It has been said that ‘The Iliad’ used to be known as “The Wrath of Achilles.” Indeed, much of the story revolves around Achilles abstaining from battle, then becoming so enraged at his young servant Patroclus’ death at the hands of Hector that he reentered the fray, slew Hector thereby providing the missing link that would eventually end the war and allow for the sacking of Troy.

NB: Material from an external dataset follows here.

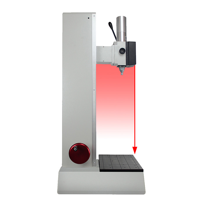 Total of 700 mm of vertical stroke. The moving tester's head permits easy measurements on large pieces, reaching points at the top of the sample that would be difficult to be measured with common testers. |
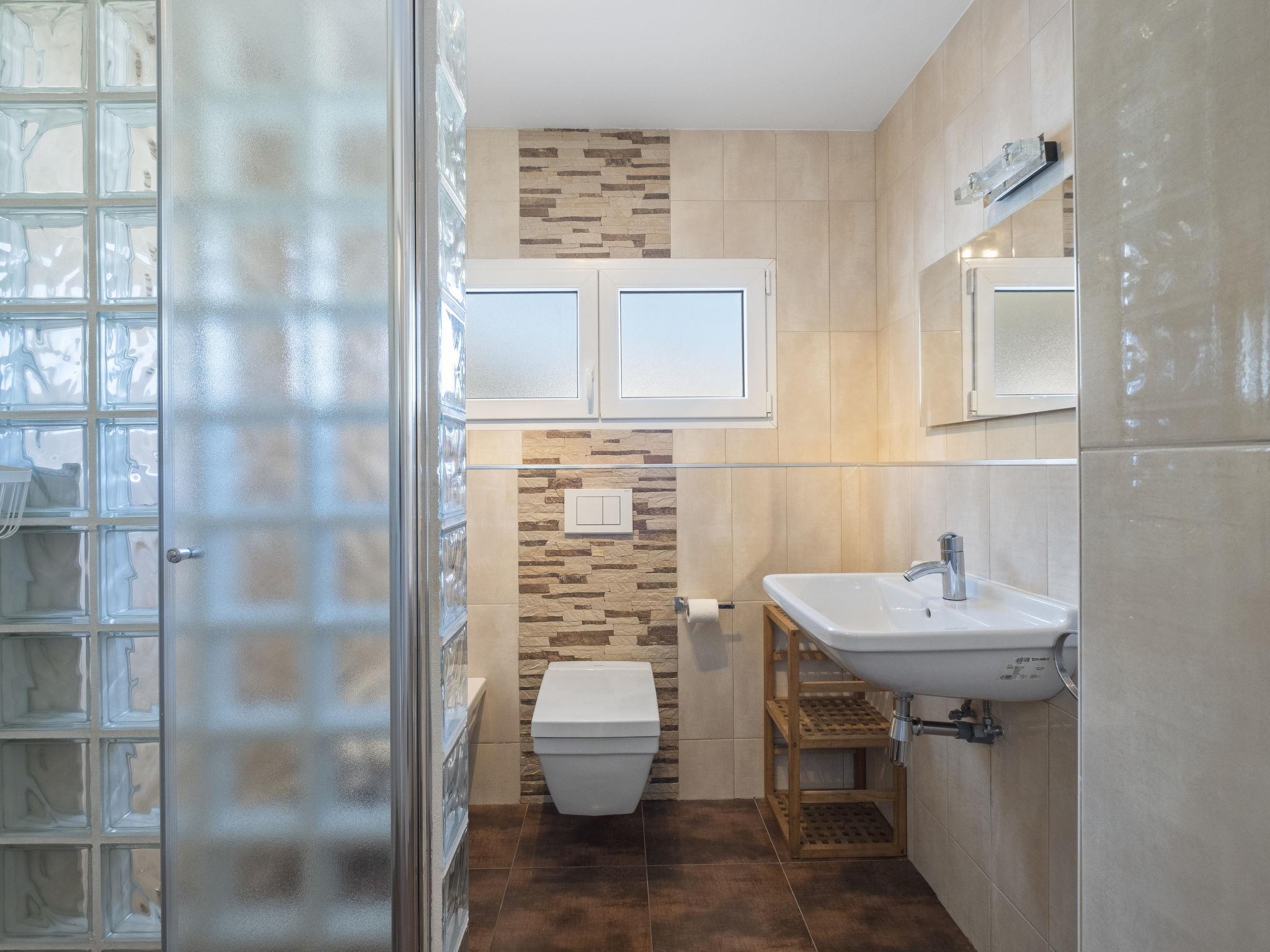 "La Vista", 6-room villa 160 m2 on 2 levels. Spacious and bright, comfortable and beautiful furnishings: open living/dining room with satellite TV, air conditioning and forced-air heating. Exit to the terrace. 1 room with 1 french bed (180 cm, length 200 cm), air conditioning and forced-air heating. 1 room with 1 french bed (150 cm, length 190 cm), air conditioning and forced-air heating. 1 room with 1 french bed (180 cm, length 200 cm), shower/WC, double hand-basin, air conditioning and forced-air heating. Exit to the terrace. Open kitchen (oven, dishwasher, 5 ceramic glass hob hotplates, toaster, kettle, microwave, freezer, electric coffee machine, Capsules for coffee machine (Nespresso) extra). Exit to the terrace. Shower/bidet/WC. On the lower ground floor: (exterior staircase) living room with satellite TV, air conditioning and forced-air heating. Exit to the terrace. 1 room with 2 beds (90 cm, length 200 cm), air conditioning and forced-air heating. Small, open kitchen (oven, dishwasher, 3 ceramic glass hob hotplates, freezer, electric coffee machine). Shower/bidet/WC. Large terrace. Terrace furniture, barbecue, deck chairs (6), sitting area. Partial view of the sea and the valley. Facilities: washing machine, iron, children's high chair, baby cot for up to 2 year olds, hair dryer. Internet (WiFi, free). Parking (3 cars) at the house. Please note: suitable for families. Non-smoking house. VT-492147-A // Reg. Nr.: ESFCTU0000030290000925530000000000000CV-VUT0492147-A0

“The Odyssey” may, in turn, be known as ‘The Wrath of Poseidon,” since his vengeance, like that of Achilles, is indispensable to the narrative. Poseidon, who initially supported the Greek’s assault, ultimately resented their demise. They were great and adeptly skilled with horses, a prized quality in Poseidon’s book. Hector himself, Troy’s greatest warrior, is constantly referred to as “breaker of horses.” Yet Odysseus, on his voyage home, infuriates Poseidon for blinding his son, a Cyclops. At every turn he hounds Odysseus. He wrecks his ships, drowns his men, and unyieldingly confounds all of our hero’s plans.

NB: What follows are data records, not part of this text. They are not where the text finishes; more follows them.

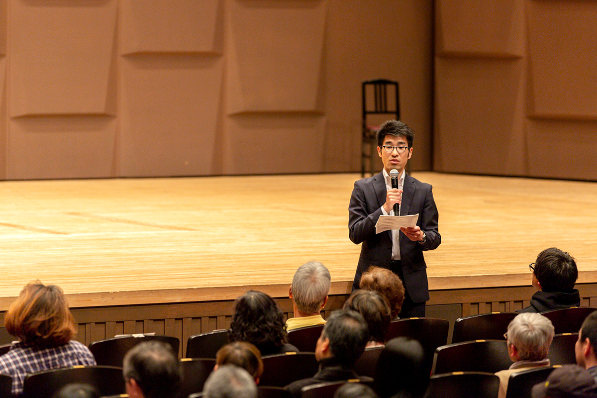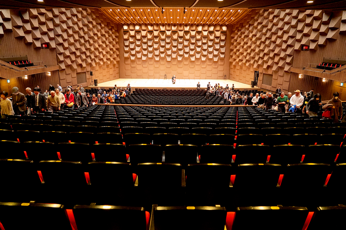 Inviting Hiroshi Kondo, the top cello top player of the Osaka Philharmonic Orchestra, not only to have several short phrases play in various places on the stage, but also participants moved to the seats on the first floor, behind the first floor, and the third floor to "listen" the sound of the sound. In addition, Takayuki Hidaka, who is involved in the sound design of theaters and halls at the Technical Research Institute of Takenaka Corporation, and Kosuke Kato, a researcher of acoustics, will explore the secrets of Festival Hall scientifically and physically.
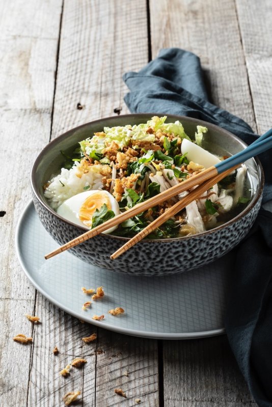 - Top met rijst, paksoi, taugé, peterselie en ei. Bestrooi tot slot met de gebakken uitjes.
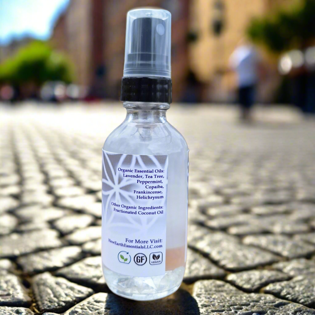 Like most of our products, this has been Reiki infused and Crystal Charged by Certified Reiki Practitioner Tiffany Silfies of New Earth Essentials, LLC. And this spray is organic, vegan, chemical free and housed in eco-friendly glass.

The myths about Poseidon, like all the Greek myths, have their greatest value in the powerful Greek literature we still have today. So though we may find Poseidon a little to human, a little to peevish and quarrelsome, and maybe even fanatically homocidal, he play an integral part in one of the greatest story ever told. Without him, Odysseus would have returned home in a few days.